Last week, Starbucks asked its US customers to please not bring their guns into the coffee shop. This is part of the company’s concern about customer safety and follows a ban in the summer on smoking within 7.6m of a coffee shop entrance and an earlier ruling about scalding hot coffee. After the celebrated Liebeck v McDonald’s case in 1994, involving a woman who suffered third-degree burns to her thighs, Starbucks complies with the Specialty Coffee Association of America’s recommendation that drinks should be served at a maximum temperature of 82oC.
Although it was brave of Starbucks chief executive Howard Schultz to go even this far in a country where people are better armed and only slightly less nervy than rebel fighters in Syria, we should note that dealing with the risks of scalding and secondary smoke came well before addressing the problem of people who go armed to buy a latte. There can be no weirder order of priorities on this planet.

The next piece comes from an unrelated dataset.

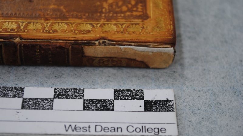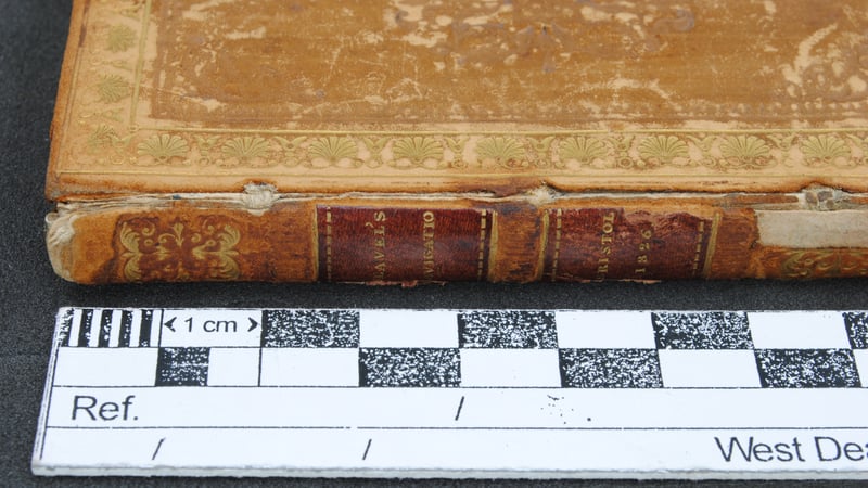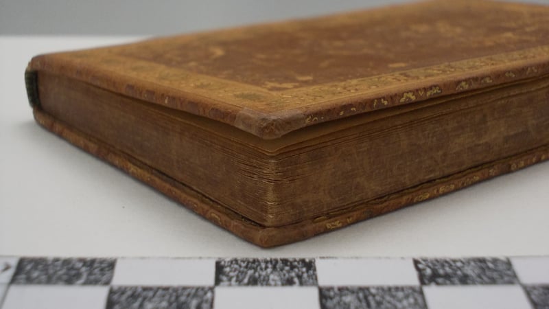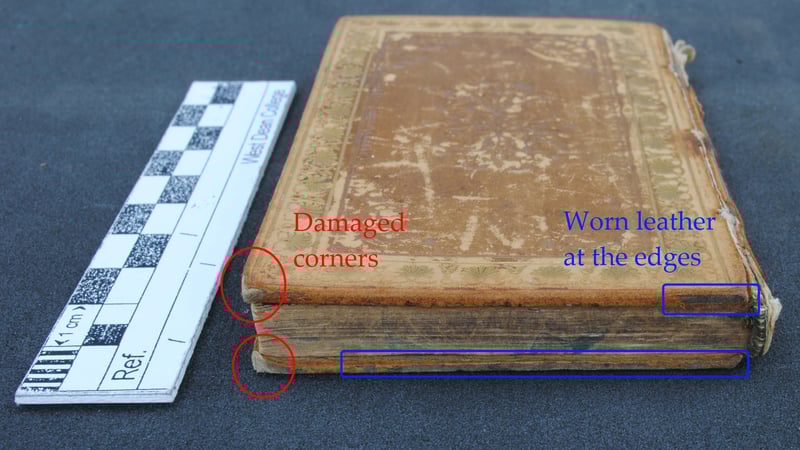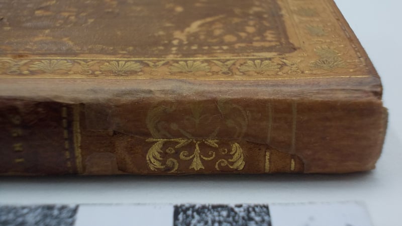 The front and the back boards were nearly detached and their attachment was fragile. All board corners were damaged and the leather was worn, fragile and discoloured.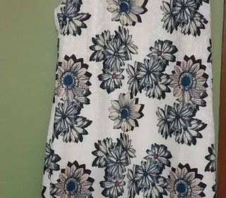 robe sans manche, marque Iska London, taille 38, blanche et bleue. Polyester avec doublure.

That is the US, we say, as news of the latest massacre breaks — last week, it was the slaughter of 12 people by Aaron Alexis at Washington’s Naval Yard — and move on. However, what if we no longer thought of this as just a problem for the US and, instead, viewed it as an international humanitarian crisis — a quasi civil war, if you like, that calls for outside intervention?
Illustration: Yusha
As citizens of the world, perhaps we should demand an end to the unimaginable suffering of victims and their families — the maiming and killing of children — just as the US does in every new civil conflict around the globe.
The annual toll from firearms in the US is running at 32,000 deaths and climbing, even though the general crime rate is on a downward path (it is 40 percent lower than in 1980). If this perennial slaughter does not qualify for intercession by the UN and all relevant non-governmental organizations (NGOs), it is hard to know what does.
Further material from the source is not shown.